SUPPLIED INFORMATION |

------------------------------------------------

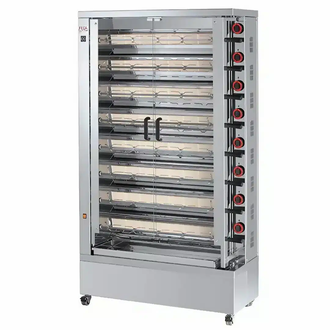 Rôtissoire électrique simple modèle 840 EKO-E, 8 broches, un matériel professionnel conçu pour griller à la perfection jusqu’à 40 et 48 poulets, allie praticité et robustesse pour les restaurateurs.
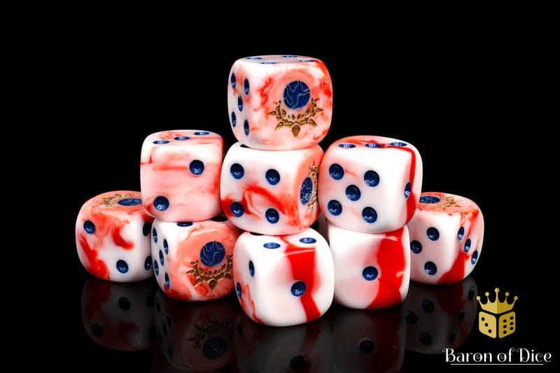 These contain a base of [once] noble whites swirled with dark, dried, bloody hues and inlaid with a two-toned dark blue and rusted brass; resin 16mm dice.  The symbols are on the 6 side. These dice have an option of round or square corner, choose wisely!  Our premium dice now come in a unique reusable tin. Consider the 8 count for Blessing of Blood rolls!
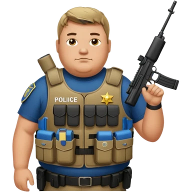 A fat police man with who is retarded, with a armor vest that has a name tape that says Keller and an m4 rifle emoji

------------------------------------------------

HOW TO COMPLETE THIS TASK | Only exact repeats of the lines from the one containing "These contain a" through the end of the listing above are wanted here; pictures are not.

THE ANSWER |
 These contain a base of [once] noble whites swirled with dark, dried, bloody hues and inlaid with a two-toned dark blue and rusted brass; resin 16mm dice.  The symbols are on the 6 side. These dice have an option of round or square corner, choose wisely!  Our premium dice now come in a unique reusable tin. Consider the 8 count for Blessing of Blood rolls!
 A fat police man with who is retarded, with a armor vest that has a name tape that says Keller and an m4 rifle emoji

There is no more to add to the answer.